(What is needed) Starting with the first line below, extract each line through the one that contains "The kinematic MSS", inclusive, excluding pictures.

(Supplied information)

+++

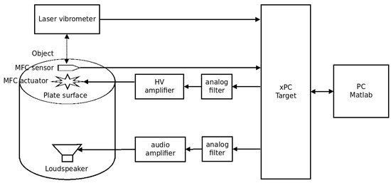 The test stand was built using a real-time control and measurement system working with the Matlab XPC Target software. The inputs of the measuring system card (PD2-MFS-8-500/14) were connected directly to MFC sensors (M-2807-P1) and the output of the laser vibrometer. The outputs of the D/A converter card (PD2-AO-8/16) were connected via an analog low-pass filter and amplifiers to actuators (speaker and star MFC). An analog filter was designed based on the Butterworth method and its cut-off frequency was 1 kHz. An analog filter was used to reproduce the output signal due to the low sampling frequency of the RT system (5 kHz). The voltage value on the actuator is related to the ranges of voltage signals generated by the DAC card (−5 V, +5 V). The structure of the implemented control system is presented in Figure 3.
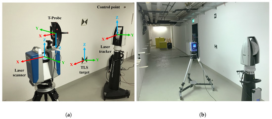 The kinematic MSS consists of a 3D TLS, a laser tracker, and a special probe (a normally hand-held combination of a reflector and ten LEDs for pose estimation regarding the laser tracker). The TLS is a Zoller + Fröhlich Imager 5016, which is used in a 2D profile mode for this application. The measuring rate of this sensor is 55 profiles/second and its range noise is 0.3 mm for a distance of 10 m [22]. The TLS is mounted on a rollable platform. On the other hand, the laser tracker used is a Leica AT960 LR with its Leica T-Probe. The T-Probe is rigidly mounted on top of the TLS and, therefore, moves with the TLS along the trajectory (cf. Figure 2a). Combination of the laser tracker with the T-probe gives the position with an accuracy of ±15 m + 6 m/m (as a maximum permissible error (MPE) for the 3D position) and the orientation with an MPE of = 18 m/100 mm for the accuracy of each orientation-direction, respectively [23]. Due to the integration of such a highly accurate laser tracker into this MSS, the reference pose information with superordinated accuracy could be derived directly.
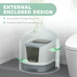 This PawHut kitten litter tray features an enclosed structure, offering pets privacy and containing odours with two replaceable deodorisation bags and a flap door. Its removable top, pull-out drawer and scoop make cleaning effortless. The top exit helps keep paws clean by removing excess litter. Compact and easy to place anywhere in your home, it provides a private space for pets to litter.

+++

(Written answer)
 The test stand was built using a real-time control and measurement system working with the Matlab XPC Target software. The inputs of the measuring system card (PD2-MFS-8-500/14) were connected directly to MFC sensors (M-2807-P1) and the output of the laser vibrometer. The outputs of the D/A converter card (PD2-AO-8/16) were connected via an analog low-pass filter and amplifiers to actuators (speaker and star MFC). An analog filter was designed based on the Butterworth method and its cut-off frequency was 1 kHz. An analog filter was used to reproduce the output signal due to the low sampling frequency of the RT system (5 kHz). The voltage value on the actuator is related to the ranges of voltage signals generated by the DAC card (−5 V, +5 V). The structure of the implemented control system is presented in Figure 3.
 The kinematic MSS consists of a 3D TLS, a laser tracker, and a special probe (a normally hand-held combination of a reflector and ten LEDs for pose estimation regarding the laser tracker). The TLS is a Zoller + Fröhlich Imager 5016, which is used in a 2D profile mode for this application. The measuring rate of this sensor is 55 profiles/second and its range noise is 0.3 mm for a distance of 10 m [22]. The TLS is mounted on a rollable platform. On the other hand, the laser tracker used is a Leica AT960 LR with its Leica T-Probe. The T-Probe is rigidly mounted on top of the TLS and, therefore, moves with the TLS along the trajectory (cf. Figure 2a). Combination of the laser tracker with the T-probe gives the position with an accuracy of ±15 m + 6 m/m (as a maximum permissible error (MPE) for the 3D position) and the orientation with an MPE of = 18 m/100 mm for the accuracy of each orientation-direction, respectively [23]. Due to the integration of such a highly accurate laser tracker into this MSS, the reference pose information with superordinated accuracy could be derived directly.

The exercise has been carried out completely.